Rule-based scanners (like Semgrep or custom PHPStan rules) work well for known patterns. If you know the exact code pattern that constitutes a vulnerability, you can write a regex or AST matcher for it.

The problem is that security vulnerabilities in web applications are contextual. DB::raw() isn't always dangerous — it depends on what's inside it. A missing authorize() call isn't always a vulnerability — it depends on whether the route is public or protected by middleware.

AI models can reason about this context in ways that pattern matchers cannot. The tradeoff is cost (API tokens) and non-determinism (the AI might miss things or hallucinate).
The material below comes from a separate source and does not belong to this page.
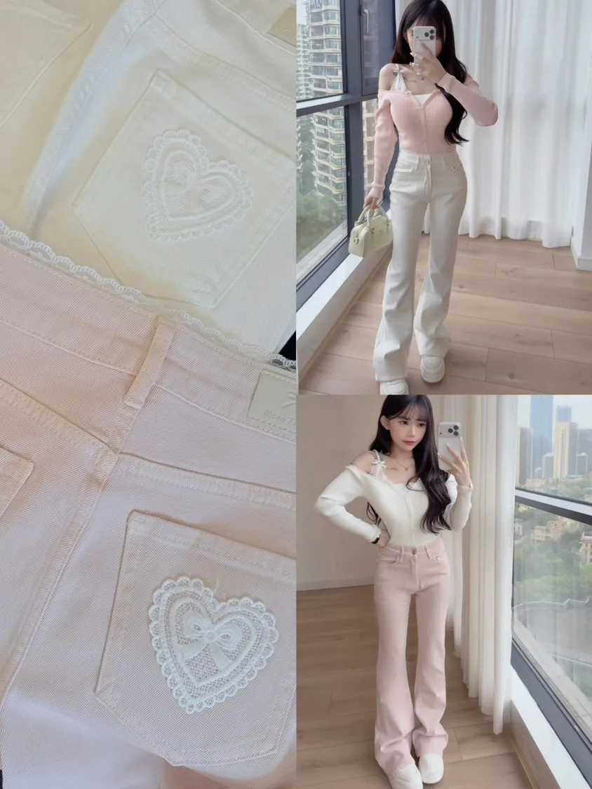 「這件背後的愛心和褲頭的蕾絲設計真的好美小細節真的很可愛 整體看起來很有特色穿上整個腿型會變得很直

The taint trace protocol and programmatic filters exist to manage the non-determinism.

Why Three Providers?

The scanner supports Anthropic (Claude), OpenAI (GPT), and Google (Gemini) through Laravel's AI driver. Different teams have different provider preferences and budget constraints. Claude tends to produce the most detailed findings with fewer false positives. GPT-4o is faster and cheaper. Gemini is the budget option.

Why Not a Standalone Tool?

Hack Auditor is a Laravel package, not a standalone binary. This is intentional — it uses Laravel's service container, config system, and Artisan console to integrate deeply with the application it's scanning. It reads your actual route definitions, middleware stack, and model configurations at runtime. A standalone tool would have to parse these from source code, which is significantly harder and less accurate.


What's Next

The scanner is at v1.5 with 319 passing tests, taint trace analysis, and framework-aware rules. The next major feature is a verification pass — after the initial scan finds candidate vulnerabilities, a second AI call reviews each HIGH+ finding with the full application context and asks: "Can you construct a concrete exploit for this? If not, dismiss it."

This should significantly reduce false positives for the remaining edge cases where the first pass flags something that looks dangerous but isn't exploitable given the full context.

The package is open source and MIT licensed. If you're building Laravel applications and care about security, try it:

composer require mahdisphp/laravel-hack-auditor --dev
php artisan hack:demo

It takes 15 seconds. You might be surprised by what it finds.